The logistic regression hypothesis is given by

\[h_\theta(x) = g(\theta^\top x)\]

where $g$ is the sigmoid function:

\[g(\theta^\top x) = \frac{1}{1+\exp(-\theta^\top x)}.\]

The vector $x$ represents the independent variables and $\theta$ represents the model parameters. For our samples we set the dependent variable $y =1$ if the chip was accepted and $y = 0$ otherwise.

The function $h_\theta(x)$ can be interpreted as the probability of the outcome being true rather than false. We want to find the parameters $\theta$ that maximize the log-likelihood over all (independently Bernoulli distributed) observations

\[J(\theta) = \sum_{i, y_i = 1} \log h_\theta(x_i) + \sum_{i, y_i = 0} \log (1-h_\theta(x_i)).\]

Consequently, we want to solve the following optimization problem:

\[\text{minimize} \quad -J(\theta) + \mu \|\theta \|_2,\]

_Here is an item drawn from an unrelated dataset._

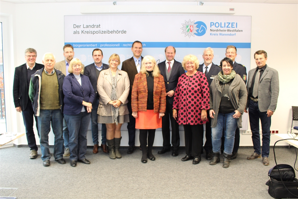 Bis September diesen Jahres sind die Wohnungseinbruchszahlen im Kreis Warendorf deutlich zurückgegangen. Landrat Dr. Olaf Gericke, gleichzeitig Leiter der Kreispolizeibehörde, berichtete dem Polizeibeirat in der Herbstsitzung von positiven Kriminalitätsentwicklungen. Nach den ersten drei Quartalen zog Gericke eine positive Bilanz. Die Fallzahlen insgesamt gingen von 11.653 auf 10.083 zurück. Die Kriminalitätshäufigkeitszahl sank weiter und lag mit 566 Punkten niedriger als 2016 bei 3.634. Im Münsterland hat der Kreis Warendorf damit die niedrigste Kriminalitätsbelastung. Gleichzeitig lag die Aufklärungsquote über 50 %. Mehr als die Hälfte der Straftaten konnte aufgeklärt werden, auch dies ist ein Spitzenwert im Münsterland. „Es sind erfreuliche Zahlen“, so Dr. Gericke, „besonders beim Wohnungseinbruch“. Von Januar bis September 2017 wurden 315 Wohnungseinbrüche gezählt, gegenüber 701 Fälle in 2016. Allerdings sei trotz des Rückgangs der Fälle die Aufklärungsquote zurückgegangen. Die Entwicklung führten Dr. Gericke und Polizeidirektor Christoph Ingenohl auch auf die Maßnahmen der Polizei zurück. Die Präsenzkonzepte, eine deutlichere Unterstützung der Verkehrsüberwachung durch den Kreis Warendorf und damit verstärkte Bekämpfung des Wohnungseinbruchs durch frei werdende Kräfte haben Wirkung gezeigt. Außerdem waren die Aktionen zur Prävention erfolgreich. Ingenohl betonte, dass die Hälfte der bekanntgewordenen Taten im Versuchsstadium steckenblieb. Abzuwarten bleibt jedoch die Entwicklung in den verbleibenden Wochen des Jahres. Wie in früheren Jahren steigen die Einbruchszahlen in der dunklen Jahreszeit wieder an, derzeit aber längst nicht auf dem hohen Niveau aus 2015 oder 2016. In einem weiteren Tagesordnungspunkt erläuterte Kriminalhauptkommissarin Carina Cajo aktuelle Projekte, darunter „Senioren auf ZAK“. Die Buchstaben stehen für „Zukunft-Alter-Kriminalität“ und machen die Zielrichtung deutlich. Die Idee ist, ehrenamtliche Freiwillige im Seniorenalter zu gewinnen, die nach einer intensiven Schulung durch die Polizei ältere Menschen über Kriminalitätsphänomene informieren und Tipps geben, wie sie sich vor kriminellen Machenschaften schützen können. Das Projekt startete seinerzeit in Oelde und wurde inzwischen erfolgreich auf Ahlen ausgeweitet. Ziel ist, das Projekt weiterzuführen, die Kriminalprävention auf mehr Schultern zu verteilen, um auf diese Weise mehr Menschen mit den Inhalten zu erreichen. Die Mitglieder des Polizeibeirates informierten sich über die Arbeit der Polizei.

where we added a regularization term with parameter $\mu$ to prevent overfitting.

Feature mapping

As our dataset only has two independent variables (the test scores) our model $y = \theta_0 + \theta_1 x_1 + \theta_2 x_2$ will have the form of a straight line. Looking at the plot one can see that a line will not perform well in separating the samples. Therefore, we will create more features based on each data point by mapping the original features ($x_1$, $x_2$) into all polynomial terms of $x_1$ and $x_2$ up to the 6th power:

\[\text{map\_feature}(x_1,x_2) = [1, x_1, x_2, x_1^2, x_1x_2, x_2^2, x_1^3, \dots, x_1x_2^5, x_2^6 ]\]

This will create 28 features for each sample.

function map_feature(x1, x2)
  deg = 6
  x_new = ones(length(x1))
  for i = 1:deg, j = 0:i
      x_new = hcat(x_new, x1.^(i-j) .* x2.^j)
  end
  return x_new
end

X = map_feature(x1, x2);
size(X)
(118, 28)

Transformation into a conic optimisation problem

We can rewrite above likelihood maximisation problem as a conic optimisation problem with exponential-cone-, second-order-cone-, equality-, and inequality constraints:

\[\begin{array}{ll} \text{minimize} &\sum_i^n \epsilon_i + \mu v\\ \text{subject to} & \|\theta \|_2 \leq v\\ & \log(1 + \exp(-\theta^\top x_i)) \leq \epsilon_i \quad \text{if } y_i = 1, \\ & \log(1 + \exp(\theta^\top x_i)) \leq \epsilon_i \quad\text{ otherwise.} \end{array}\]

Implementing the constraint $\log(1 + \exp(z)) \leq \epsilon$ for each of the $n$ samples requires two exponential cone constraints, one inequality constraint and two equality constraints. To see this, take the exponential on both sides and then divide by $\exp(\epsilon)$ to get:

\[\exp(-\epsilon) + \exp(z - \epsilon) \leq 1.\]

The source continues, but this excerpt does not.